TASK: Your copy should match the listing word for word, apart from the pictures, which are left out.

THE DATA:
···
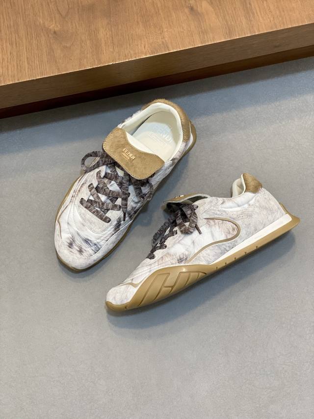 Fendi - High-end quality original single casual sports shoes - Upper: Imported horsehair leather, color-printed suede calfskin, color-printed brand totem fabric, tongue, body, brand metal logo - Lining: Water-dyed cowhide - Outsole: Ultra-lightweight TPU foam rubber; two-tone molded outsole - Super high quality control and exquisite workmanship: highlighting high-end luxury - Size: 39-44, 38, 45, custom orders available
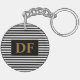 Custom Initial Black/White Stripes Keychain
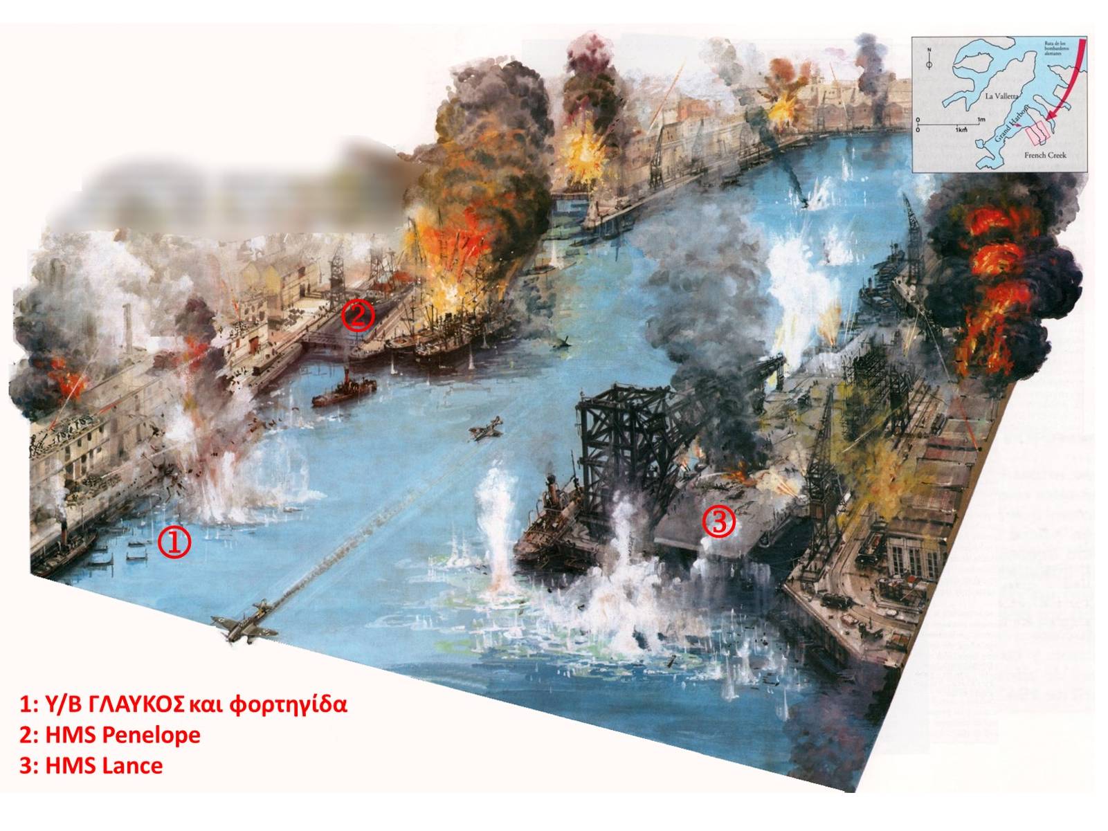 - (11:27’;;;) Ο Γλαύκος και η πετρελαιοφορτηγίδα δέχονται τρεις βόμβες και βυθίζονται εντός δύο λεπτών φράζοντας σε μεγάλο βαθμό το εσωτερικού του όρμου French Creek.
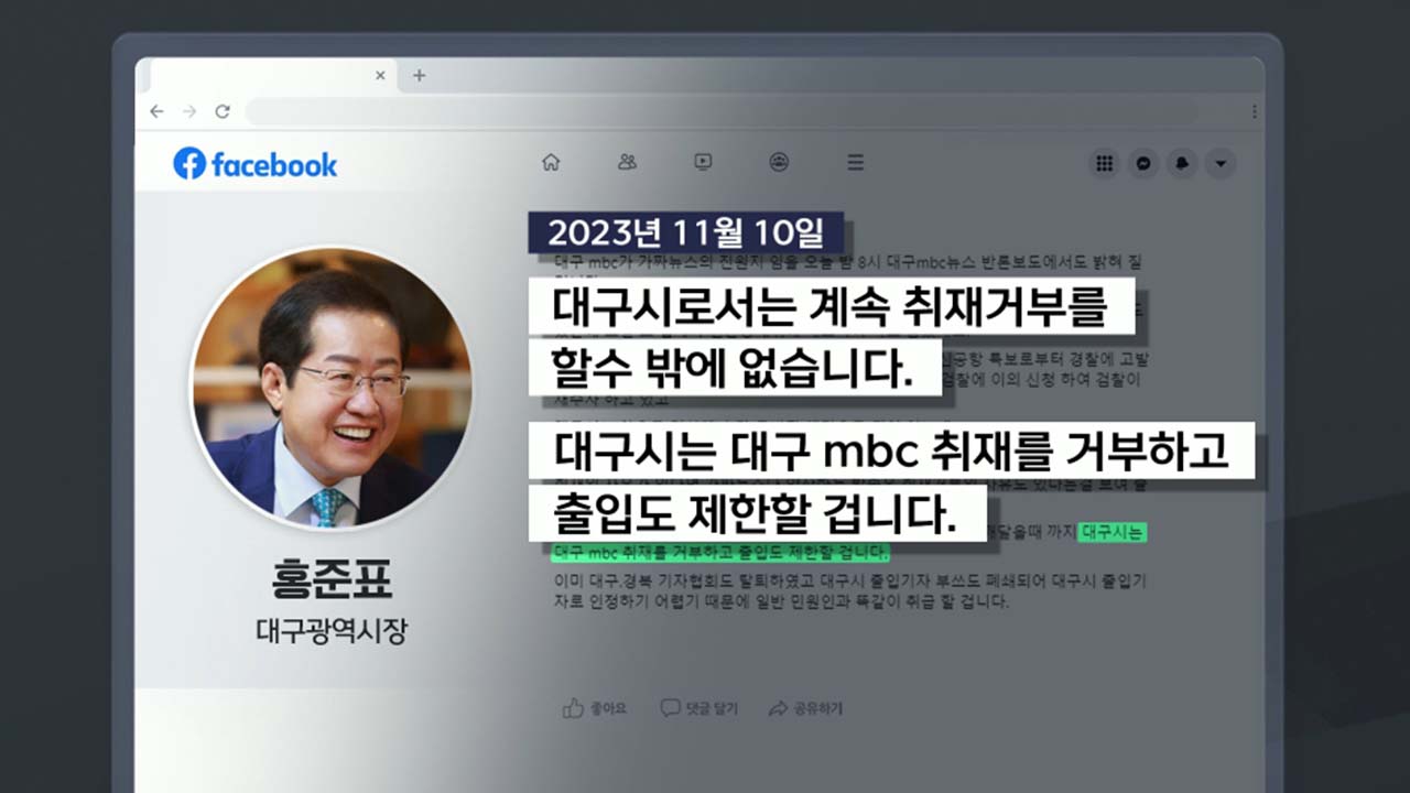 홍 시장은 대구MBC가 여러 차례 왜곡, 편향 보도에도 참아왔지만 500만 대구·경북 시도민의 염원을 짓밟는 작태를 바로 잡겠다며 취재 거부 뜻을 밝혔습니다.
···
RESULT:
 Fendi - High-end quality original single casual sports shoes - Upper: Imported horsehair leather, color-printed suede calfskin, color-printed brand totem fabric, tongue, body, brand metal logo - Lining: Water-dyed cowhide - Outsole: Ultra-lightweight TPU foam rubber; two-tone molded outsole - Super high quality control and exquisite workmanship: highlighting high-end luxury - Size: 39-44, 38, 45, custom orders available
 Custom Initial Black/White Stripes Keychain
 - (11:27’;;;) Ο Γλαύκος και η πετρελαιοφορτηγίδα δέχονται τρεις βόμβες και βυθίζονται εντός δύο λεπτών φράζοντας σε μεγάλο βαθμό το εσωτερικού του όρμου French Creek.
 홍 시장은 대구MBC가 여러 차례 왜곡, 편향 보도에도 참아왔지만 500만 대구·경북 시도민의 염원을 짓밟는 작태를 바로 잡겠다며 취재 거부 뜻을 밝혔습니다.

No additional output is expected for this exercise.